DATA SECTION:
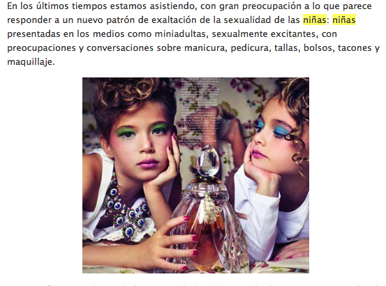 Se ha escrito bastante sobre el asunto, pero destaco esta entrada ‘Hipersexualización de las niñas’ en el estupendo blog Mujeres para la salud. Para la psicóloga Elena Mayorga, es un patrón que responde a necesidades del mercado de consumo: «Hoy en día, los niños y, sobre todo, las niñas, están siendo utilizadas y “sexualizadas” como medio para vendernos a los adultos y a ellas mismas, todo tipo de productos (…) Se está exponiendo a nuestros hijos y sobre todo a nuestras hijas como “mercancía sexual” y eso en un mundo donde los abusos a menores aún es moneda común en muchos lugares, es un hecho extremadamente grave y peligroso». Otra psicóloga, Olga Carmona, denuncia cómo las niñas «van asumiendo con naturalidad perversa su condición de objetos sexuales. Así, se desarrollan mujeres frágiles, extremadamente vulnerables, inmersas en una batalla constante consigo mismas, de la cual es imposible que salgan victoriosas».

==

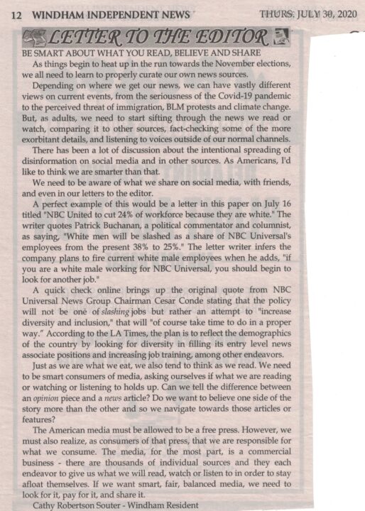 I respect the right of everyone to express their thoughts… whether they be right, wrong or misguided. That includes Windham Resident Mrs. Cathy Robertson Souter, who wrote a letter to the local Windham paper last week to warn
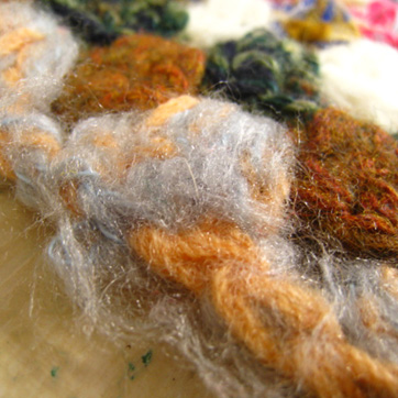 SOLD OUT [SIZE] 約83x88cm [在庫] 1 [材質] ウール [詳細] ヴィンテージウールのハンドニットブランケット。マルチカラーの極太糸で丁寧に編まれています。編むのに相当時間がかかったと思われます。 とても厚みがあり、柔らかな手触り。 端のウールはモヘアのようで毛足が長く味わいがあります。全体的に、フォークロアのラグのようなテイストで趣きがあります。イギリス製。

TASK GOAL: Return exactly the lines that appear in the data above between the line containing "I respect the" and the line containing "SOLD OUT [SIZE]", both of which are included, and leave the pictures out.

RESULT:
 I respect the right of everyone to express their thoughts… whether they be right, wrong or misguided. That includes Windham Resident Mrs. Cathy Robertson Souter, who wrote a letter to the local Windham paper last week to warn
 SOLD OUT [SIZE] 約83x88cm [在庫] 1 [材質] ウール [詳細] ヴィンテージウールのハンドニットブランケット。マルチカラーの極太糸で丁寧に編まれています。編むのに相当時間がかかったと思われます。 とても厚みがあり、柔らかな手触り。 端のウールはモヘアのようで毛足が長く味わいがあります。全体的に、フォークロアのラグのようなテイストで趣きがあります。イギリス製。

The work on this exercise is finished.